Giant crosscut sled

I’m not really sure why, but I have been putting off making one of these for years. Making a cross cut sled is easy, but getting the fence square can be a real PITA (Oh yea that’s why). This sled is a smaller (42″ x 42″),  simpler version of the Ultimate Crosscut Sled presented by John McCormack in the July 2008 issue of Fine Woodworking. The actual dimensions of a sled are so dependent on your particular saw and project needs, that it’s pointless for me to draw a plan in sketchup for you to download. The following are some things to consider before making your sled.

  1. Keep the design simple & use cheap/ scrap  materials. It’s a jig and therefore expendable. I’m not saying trash it after a month, but don’t expect it to last 10 years either. If you need to think twice about screwing down a stop block you spent too much on materials.
  2. Make sure The sled is well supported. When you’re making a cut, you need to be focusing on keeping the piece back against the fence, and maintaining a smooth motion, not juggling the outboard end of the sled.
  3. Use quarter sawn wood for the runner, as it will expand and contract less (I used White Oak).
  4. Put a shallow dado in the base for the runner; this makes assembly a lot easier.
  5. The fence needs to be perfectly strait. By perfectly strait, I mean within a few thousands.
  6. Build the fence so it’s adjustable, i.e use bolts in over sized holes.  This feature really helps when it comes to keeping the fence strait. If the fence develops a bow, loosen the bolts and use clamps or some other method to push or pull the bow out.

Like I said earlier, squaring the fence can be a real pain. While the five cut method takes the guess work out of the process, no tricks exist to make the process go faster. I think it took me about 90 minutes  to get my sled to within 0.002″ per foot. Your probably thinking 90 minutes isn’t that bad. Remember, wood moves with the changes in weather. After a month or two of hanging on the shop wall your sled is going to need to be re-squared.

Comments

  • Jamie Lennox
    November 10, 2012

    This past summer I constructed John McCormack’s ultimate crosscut sled which I fondly call “the Stealth Bomber,” since it resembles the aircraft’s shape and the sled is quite “bomber,” meaning dead-accurate.  A couple of problems with the Bomber arose while preparing to build it: I wouldn’t be able to repeatedly cut workpieces longer than five feet and the sled would be heavy, creating a storage issue.  So to address the first quandary, I decided to add a telescoping flip stop to the Kreg Top Trak.
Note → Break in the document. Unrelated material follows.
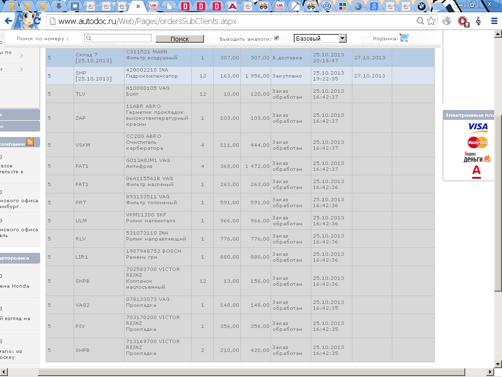 http://linkme.ufanet.ru/images/49bc7e24fd83e734ccd1ec6d7c0c15a8.png такую вот закупочку себе заказал сегодня, 9к вышло, в принципе гуманные ценники. Заказывать стараюсь только от рекомендованных производителей. Дома еще помпа SKF(2100p) и термостат BEHR(359p) валяются. Проблема собственно в стучащих гидриках и воющем ремне грм, решил заодно заморочиться промывкой коллектора и ДЗ и заменой прокладок, ибо потеют.

It slides out from the back of the fence and locks into place with a Festool six inch clamp.

    After a bit of pondering a storage solution, I traced the sled on the outfeed table at the opposite corner of the table saw and cut out an embedded and lockable Stealth Bomber hangar or docking station that is flush with the table saw top & puts the sled’s fence completely out of the way of the saw’s ripping path. The lock is a fixed piece in one of the sled’s many hand holds. No need to develop a hernia by lifting the Bomber’s heft off the table saw, just slide it around the outfeed table and land it down into the hangar. The docking station also keeps the sled from being bumped out of square or damaged by lifting off and placing it elsewhere. I squared the fence to the blade once and I have not had to tune it up since.

    In addition to McCormack’s adjustable sawhorse supporting the sled on the saw’s left flank, I also use a five-foot infeed rip support located on the right side of the sled’s runner. I am able to safely crosscut 37 inches. I can now quickly, repeatedly and accurately crosscut cabinet parts and trim work. Set-up time takes about a minute. John McCormack’s ultimate shop-made sled is by far the best of its kind and well worth the time it takes to build.